J’ai fait des coupes garçonnes à tout tes plans. J’ai taillé des bonsaïs dans la jungle majestueuse de ta matière. J’ai haché-menu, méticuleusement, réduisant tes plans à ce rythme effréné qui nous « captive ».

Tu me disais :
– là ! Un zoom.
– là ! Deux secondes.
– là ! Ce geste.

Et j’ai coupé, coupé, coupé.

Je dois confesser que j’y vais encore en cachette par deux fois quand tu n’es pas là, le temps d’apprécier le bon coup de ciseau !

Je suis loin d’être une serial-coupeuse, mais j’ai pris de ton geste, de ton intention, de ta griffe, douce et perçante.

Monter sans (se) parler

Je fais.
Tu regardes.
Tu souris. Tu repars.

Je refais. J’avance. Je laisse en vrac.

Je reviens. Tu as touché. Découpé. Remonté. Testé.

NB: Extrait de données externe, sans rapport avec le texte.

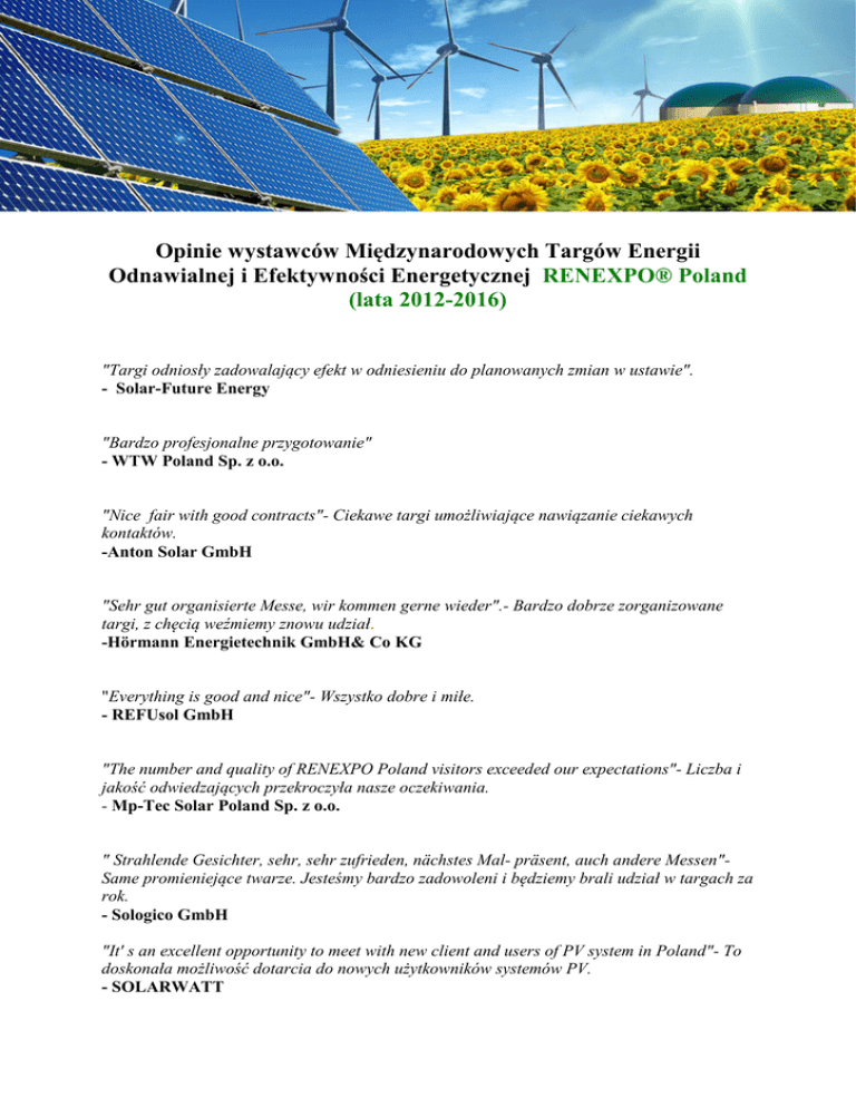 Opinie wystawców Międzynarodowych Targów Energii Odnawialnej i Efektywności Energetycznej RENEXPO® Poland (lata 2012-2016) "Targi odniosły zadowalający efekt w odniesieniu do planowanych zmian w ustawie". - Solar-Future Energy "Bardzo profesjonalne przygotowanie" - WTW Poland Sp. z o.o. "Nice fair with good contracts"- Ciekawe targi umożliwiające nawiązanie ciekawych kontaktów. -Anton Solar GmbH "Sehr gut organisierte Messe, wir kommen gerne wieder".- Bardzo dobrze zorganizowane targi, z chęcią weźmiemy znowu udział. -Hörmann Energietechnik GmbH& Co KG "Everything is good and nice"- Wszystko dobre i miłe. - REFUsol GmbH "The number and quality of RENEXPO Poland visitors exceeded our expectations"- Liczba i jakość odwiedzających przekroczyła nasze oczekiwania. - Mp-Tec Solar Poland Sp. z o.o. " Strahlende Gesichter, sehr, sehr zufrieden, nächstes Mal- präsent, auch andere Messen"Same promieniejące twarze. Jesteśmy bardzo zadowoleni i będziemy brali udział w targach za rok. - Sologico GmbH "It' s an excellent opportunity to meet with new client and users of PV system in Poland"- To doskonała możliwość dotarcia do nowych użytkowników systemów PV. - SOLARWATT "Good information and follow ups". - Dobra obsługa i wsparcie. - Swedish Exergy AB "Very good, above our expetations". - Jesteśmy bardzo zadowoleni, targi przerosły nasze oczekiwania" - Jetion Solar (China) Co., Ltd. "Good exhibition, right place". - Dobra wystawa, dobre miejsce. - Platinum GmbH "Duże zadowolenie z przygotowania targów przez organizatorów". - Rehau Energy Solutions GmbH "Guite good. No complaints". - Alusin Solar "Profesjonalna obsługa targowa połączona z dużą wiedzą techniczną". - Thermaflex "Wszystko ok". - Galmet Sp. Z o. o. "W tym roku mieliśmy okazję po raz pierwszy wystawiać się na RENEXPO. To był bardzo udany debiut, ponieważ nasze stoisko cieszyło się dużym zainteresowaniem,. Targi były bardzo dobrą okazją na prezentacje naszej oferty. Jeszcze podczas wystawy zawarliśmy kilka ciekawych kontraktów". - Paweł Wiktorowicz, Project Manager, Corab Sp. Z o.o. "Inicjatywa jak najbardziej godna polecenia i powinna byc rozpropagowana nie tylko wśród firm z branży, ale w jak najszerszym spektrum zastosowania informacji z OZE". - Daikin Airconditioning Poland Sp. z o.o. "Rzetelna i profesjonalna obsługa". - Krajowa Izba Gospodarcza ''To był bardzo dobry wybór. Organizatorzy wykazali się pełnym profesjonalizmem i zadbali o najmniejszy szczegół. Dopisali zwiedzający, z których znakomita część stanowiła naszą grupę docelową. Z całą pewnością możemy stwierdzić, że miniona edycja targów należała z naszego punktu widzenia do bardzo udanych.'' - PV Kits Direct ''Jesteśmy bardzo zadowoleni z tegorocznego uczestnictwa w targach. Nawiązaliśmy wiele kontaktów, które – mamy nadzieję – okażą się owocne w skutkach. Na pochwałę zasługuje również cały zespół targów, który stanął na wysokości zadania, zapewniając sprawną obsługę i rzetelną informację nie tylko podczas rozmów wstępnych, ale również przez trzy dni trwania targów.'' - NOVEAIDEA

Je regarde. Je comprends. Je reprends la main. Je continue.

Je te montre. Tu me dis ce que tu ressens.
J’écoute.

Je te parle. Je t’explique. J’invente. Je commente.
Tu me dis que ce n’est pas la peine de parler.

Ne parle pas. Fais.

Je ne parle plus. J’attrape tes commentaires au vol.
Je reprends le montage. Je me sens libre et pourtant dans ton sillage.
Tu es absente et pourtant présente.

Je t’appelle à nouveau (d’un sms !). Je fais play. Tu es là.
Tu reçois mes propositions, j’incorpore tes sensations.

Nous montons.
En silence.

Le perroquet qui bêche 

J’adore les obsessions des réalisateurs.

J. me parle depuis deux semaines du plan du « perroquet qui bêche ». Enfin nous l’avons trouvé !

Ce n’était pas qu’un souvenir de tournage. Le plan est super et il m’avait échappé au derushage.  Je crois que seul réalisateur peut avoir ce genre de petite intuition parfaite !

Ce sont des obsessions précieuses.

Tissage

Au fur et à mesure que je tisse le film, je tresse également une relation avec ma partenaire de travail : ma réalisatrice (du moment).

Nous venons de franchir cette semaine la double étape de :

  • On a la même idée au même moment.
  • On discute comme un vieux couple.

J’analyse.

Avoir la même idée au même moment arrive en général quand le film prend (enfin) la parole. Quand « il » est là, c’est à dire quand sa structure est éprouvé, qu’elle fonctionne bien même si elle boite encore, le film a voix au chapitre.

Le fait qu’il ait désormais une forme pose un cadre. Les idées sont donc prises dans un cours d’eau. Mais cela se passe aussi car nous nous connaissons bien dans le travail. Nous avons élaboré conjointement : je pose une brique, tu en poses une autre, et là nos mains se croisent sur la même brique. On a eu l’idée en même temps !

Le vieux couple ça me fait toujours beaucoup rire. Je sais que ma douce réalisatrice réagit toujours de la même manière sur un tout petit détail (en apparence) et ça ne manque pas. De même il se trouve que je résiste depuis le début à une idée toute simple, mais rien n’y fait. Alors parce qu’on a ri de tout ça, aujourd’hui on est allé contre nos élans respectifs.

C’était bien.

Mais je note que les résistances, les siennes et les miennes, sont quand même souvent significatives qu’il manque quelque chose à la proposition. Les résistances deviennent un outil de travail. Je les utilise comme telles. Si tu dis non c’est que quelque chose te gêne. Quoi ? Explique moi !

Les mains d’un autre

Quelle frustration ! Je ne peux pas réfléchir sans mes mains !

J’expérimente, dans le cadre d’un co-montage, la place d’à-côté. Celle qui consiste à regarder un monteur travailler et à parler. 

Tout comme la voiture à deux volants n’existe pas, le double clavier non plus. Et je m’aperçois que coupée de mes mains en train de faire, je ne peux plus réfléchir de ma façon habituelle. 

En temps normal, mon cerveau est connecté à la machine par l’intermédiaire de mes mains. 
Je fais ce que je pense. Et je pense ce que je fais. 

Là, le contact direct est coupé et ma pensée ne circule plus sur le mode manipulation – pensée – mouvement de la pensée – mouvement de la main. Mais juste mon regard et ma pensée. 

C’est la première fois que j’ai cette place, pour quelques heures heureusement. 

Et même si les échanges permettent l’élaboration, je ressens fortement la nécessité de toucher pour fabriquer.